_RECORDED DATA_:
★ ★ ★

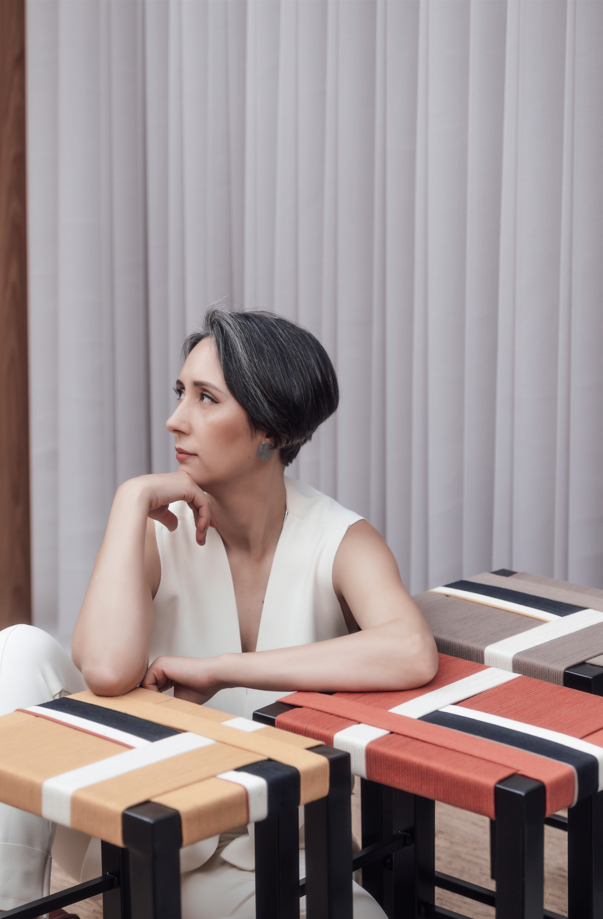 No espaço ÓCIO & OFÍCIO, de Luciana Garcia, um destaque que chama a atenção são as banquetas criadas por ela, inspiradas nos tamboretes de fazenda. Ao invés do couro, a autora trouxe a opção de assentos desenhados com tramas de algodão dispostas de forma geométricas em diálogo a arquitetura do espaço. “A trama remete ao fazer ancestral feminino de trançar fios em diversas superfícies enquanto o desenho do tamborete remete aos tempos interioranos do cotidiano nas fazendas’, destaca. Luciana. As peças estão sendo lançadas em parceria com o Estúdio Trama, que também está presente em outro ambiente da mostra, que é o Varanda Café, de Adriana Gouveia.
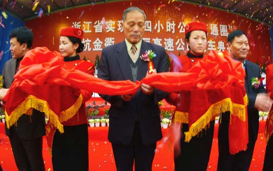 杭金衢高速公路副总指挥徐聿海(中)等人在浙江“四小时公路交通圈”暨杭金衢高速公路、金丽高速公路典礼上剪彩。 |
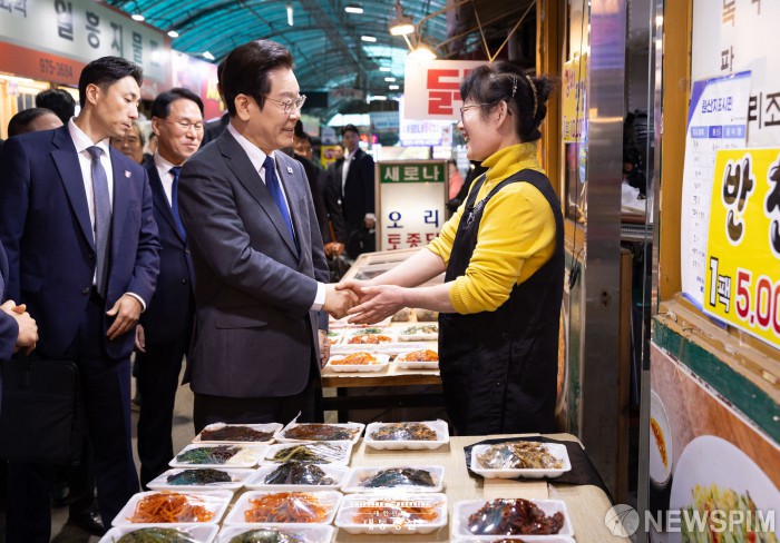시장 상인 만나는 이재명 대통령
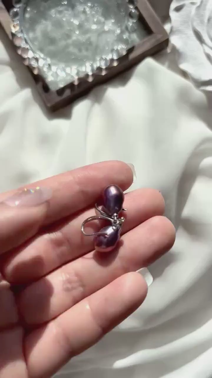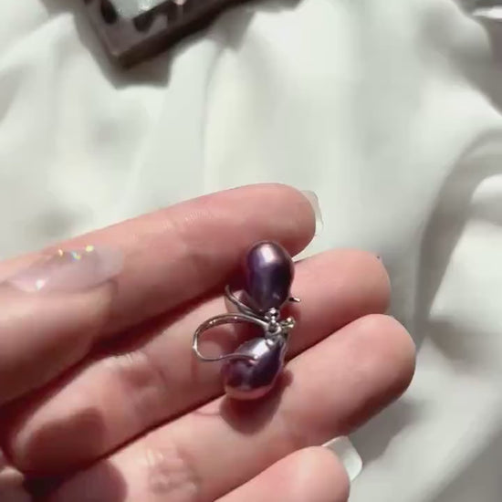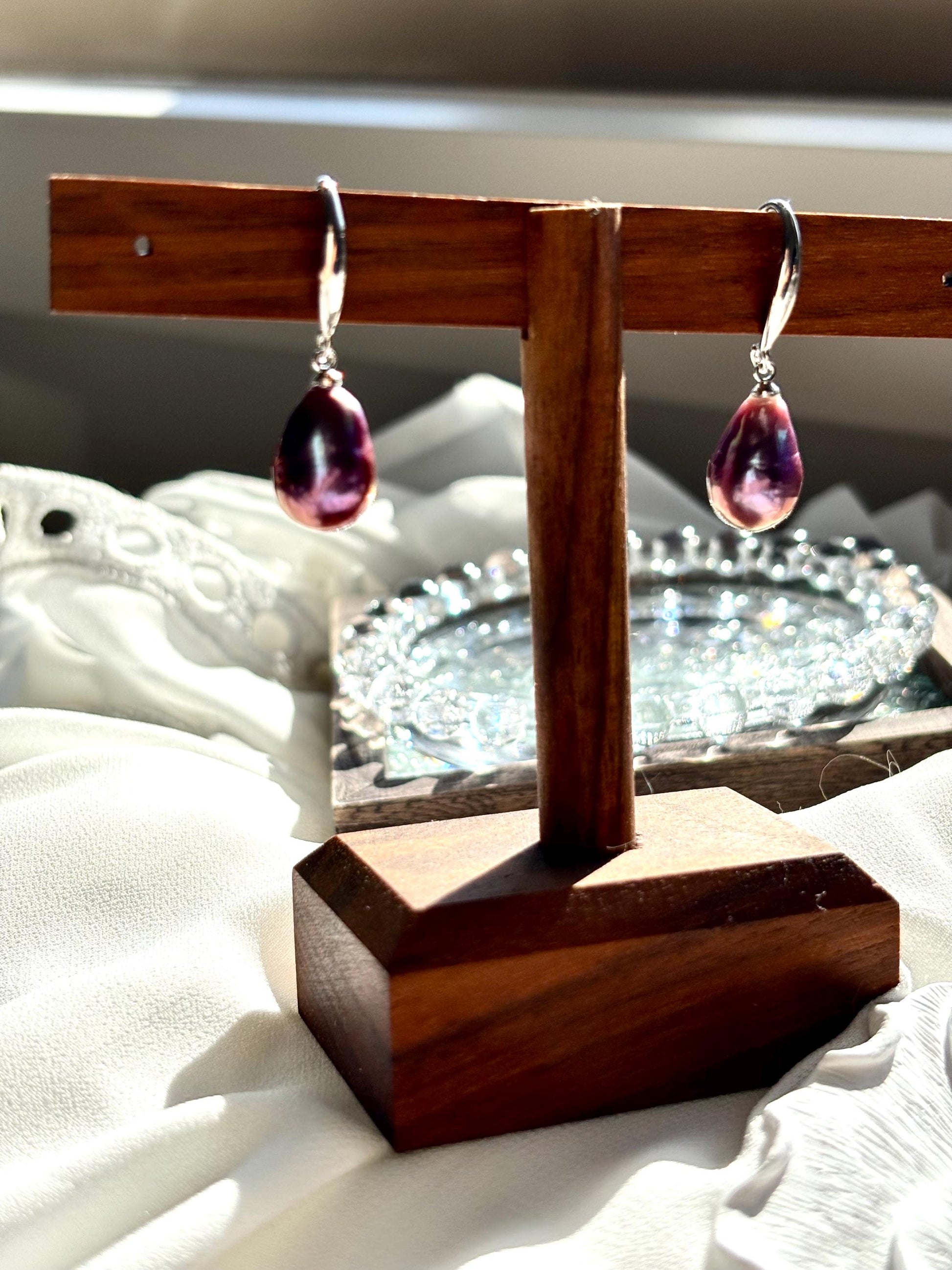 Twilight Plum Pearl Earrings – 925 Sterling Silver Elegance B
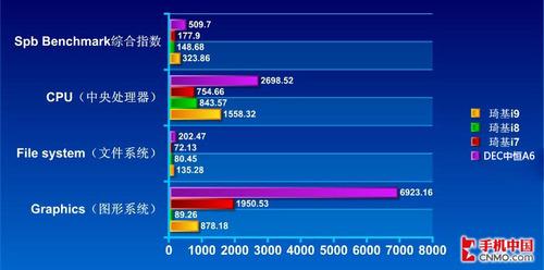 上面是DEC A6的硬件测试结果,各项数据在表格中都有详细显示,这里我将DEC中恒A6和琦基的三款PPC i7、i8和i9进行对比。整个结果来看,DEC中恒A6的各项得分都要高于其他三款手机。
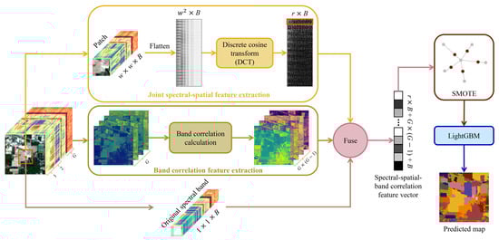 We designed a method for extracting SSBC features for HSI, and the proposed features fuse JSS features, original spectral bands, and BC features. In designing the SSBC features, we observed over-smoothing in the classification map and further explored the reasons for and solutions to this problem. To exploit the joint spectral–spatial information of a patch, we designed JSS features. The extraction of these features first transforms the 3D patch into a 2D image, and then the spectral and spatial information of this image is considered in a single efficient compression of the DCT. However, there is over-smoothing in the classification map yielded by JSS features. Unlike current methods, which consider this problem from the perspective of spatial information, we argue that insufficient spectral information in the extracted features is the reason for this problem. To increase the spectral information in the features, we designed BC features and used them with the original spectral bands as added spectral information. The SSBC features fused with more spectral information efficiently mitigate the over-smoothing problem in the classification map. In the classification phase, adaptive SMOTE was used to generate a balanced training set prior to classification, therefore avoiding the effect of the class imbalance problem on feature evaluation. LightGBM was used to quickly learn a classifier from the SSBC features. The details are described in Figure 1. The code used in this study is available at https://github.com/Lightness7/SSBC.git (accessed on 11 November 2024).
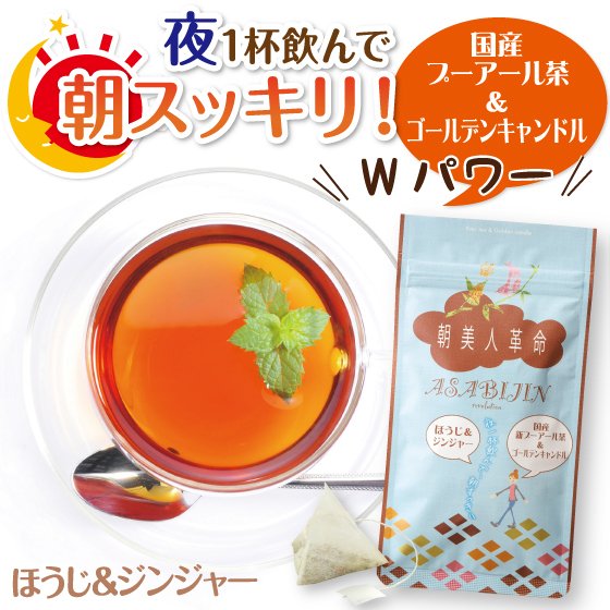 ダイエット 朝美人革命 ほうじ&ジンジャー(2g×7ヶ入り)1袋(ティーパック) 夜飲んでスッキリ ハーブティー ダイエットティー ダイエット 国産ダイエットプーアール茶 お茶 日本茶 荒畑園 プレゼント agesugi_sbe
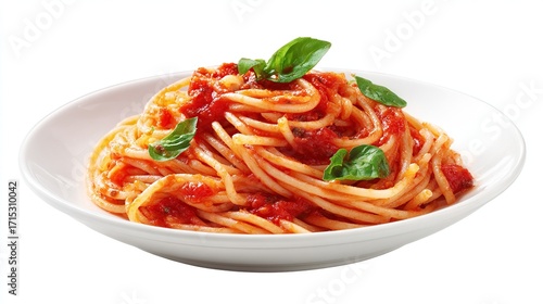 Spaghetti pasta with tomato sauce and basil on a white plate, isolated shot
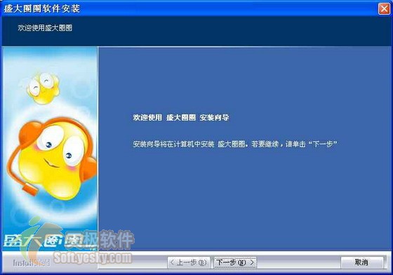 下载盛大圈圈安装程序,其大小为10.3MB,基本上比较合理。运行下载的程序,令笔者眼前一亮,可以看到一个界面十分新颖漂亮的安装程序(如图1),显得非常清爽,有别于其他程序的死板。左侧的卡通任务就是盛大圈圈的形象了,非常可爱、精致,相比于其他即时聊天软件的形象,盛大圈圈的设计绝无不及。
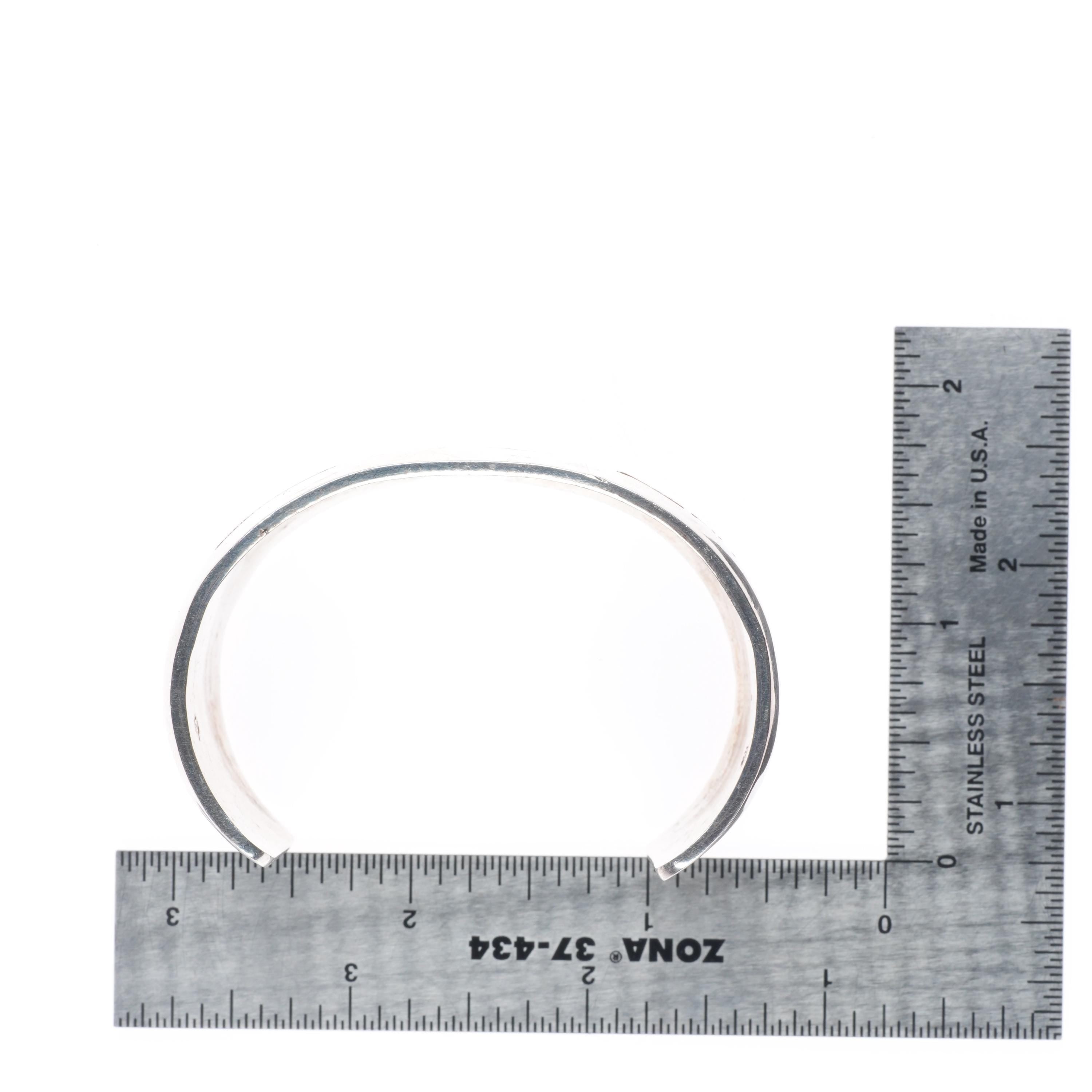 Bracelets are shown in the photos with a tape measure inside the bracelet, other photos will typically show the gap size. The size at the beginning of the title includes the gap. Hallmarked with artists hallmarks and no other markings.
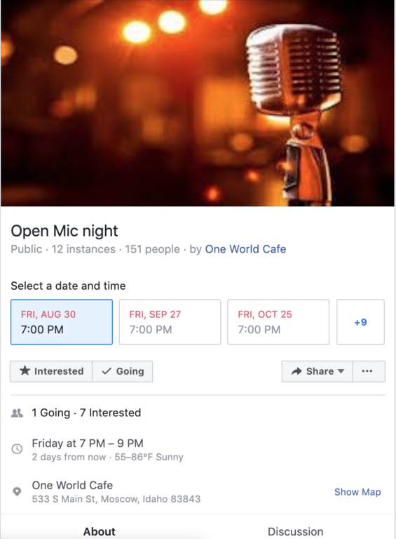 Do you have a special talent that you want to share or have an interest in open mic entertainment? One World Cafe is hosting an open mic night Friday from 7-9 p.m. All ages are welcome to this all-inclusive event. Performers sign up at 6:30 p.m. and each set are around 10 minutes long. But One World will be open until 10 p.m. for extra wiggle room, in case of lots of performers. This is a perfect way to spend a Friday night and is a great way to support the talented people of Moscow.

★ ★ ★

_TASK STATEMENT_:
Please output every record above exactly as written, leaving out the pictures.

_RESPONSE_:
 No espaço ÓCIO & OFÍCIO, de Luciana Garcia, um destaque que chama a atenção são as banquetas criadas por ela, inspiradas nos tamboretes de fazenda. Ao invés do couro, a autora trouxe a opção de assentos desenhados com tramas de algodão dispostas de forma geométricas em diálogo a arquitetura do espaço. “A trama remete ao fazer ancestral feminino de trançar fios em diversas superfícies enquanto o desenho do tamborete remete aos tempos interioranos do cotidiano nas fazendas’, destaca. Luciana. As peças estão sendo lançadas em parceria com o Estúdio Trama, que também está presente em outro ambiente da mostra, que é o Varanda Café, de Adriana Gouveia.
 杭金衢高速公路副总指挥徐聿海(中)等人在浙江“四小时公路交通圈”暨杭金衢高速公路、金丽高速公路典礼上剪彩。 |
시장 상인 만나는 이재명 대통령
 Twilight Plum Pearl Earrings – 925 Sterling Silver Elegance B
 上面是DEC A6的硬件测试结果,各项数据在表格中都有详细显示,这里我将DEC中恒A6和琦基的三款PPC i7、i8和i9进行对比。整个结果来看,DEC中恒A6的各项得分都要高于其他三款手机。
 We designed a method for extracting SSBC features for HSI, and the proposed features fuse JSS features, original spectral bands, and BC features. In designing the SSBC features, we observed over-smoothing in the classification map and further explored the reasons for and solutions to this problem. To exploit the joint spectral–spatial information of a patch, we designed JSS features. The extraction of these features first transforms the 3D patch into a 2D image, and then the spectral and spatial information of this image is considered in a single efficient compression of the DCT. However, there is over-smoothing in the classification map yielded by JSS features. Unlike current methods, which consider this problem from the perspective of spatial information, we argue that insufficient spectral information in the extracted features is the reason for this problem. To increase the spectral information in the features, we designed BC features and used them with the original spectral bands as added spectral information. The SSBC features fused with more spectral information efficiently mitigate the over-smoothing problem in the classification map. In the classification phase, adaptive SMOTE was used to generate a balanced training set prior to classification, therefore avoiding the effect of the class imbalance problem on feature evaluation. LightGBM was used to quickly learn a classifier from the SSBC features. The details are described in Figure 1. The code used in this study is available at https://github.com/Lightness7/SSBC.git (accessed on 11 November 2024).
 ダイエット 朝美人革命 ほうじ&ジンジャー(2g×7ヶ入り)1袋(ティーパック) 夜飲んでスッキリ ハーブティー ダイエットティー ダイエット 国産ダイエットプーアール茶 お茶 日本茶 荒畑園 プレゼント agesugi_sbe
 Spaghetti pasta with tomato sauce and basil on a white plate, isolated shot
 下载盛大圈圈安装程序,其大小为10.3MB,基本上比较合理。运行下载的程序,令笔者眼前一亮,可以看到一个界面十分新颖漂亮的安装程序(如图1),显得非常清爽,有别于其他程序的死板。左侧的卡通任务就是盛大圈圈的形象了,非常可爱、精致,相比于其他即时聊天软件的形象,盛大圈圈的设计绝无不及。
 Bracelets are shown in the photos with a tape measure inside the bracelet, other photos will typically show the gap size. The size at the beginning of the title includes the gap. Hallmarked with artists hallmarks and no other markings.
 Do you have a special talent that you want to share or have an interest in open mic entertainment? One World Cafe is hosting an open mic night Friday from 7-9 p.m. All ages are welcome to this all-inclusive event. Performers sign up at 6:30 p.m. and each set are around 10 minutes long. But One World will be open until 10 p.m. for extra wiggle room, in case of lots of performers. This is a perfect way to spend a Friday night and is a great way to support the talented people of Moscow.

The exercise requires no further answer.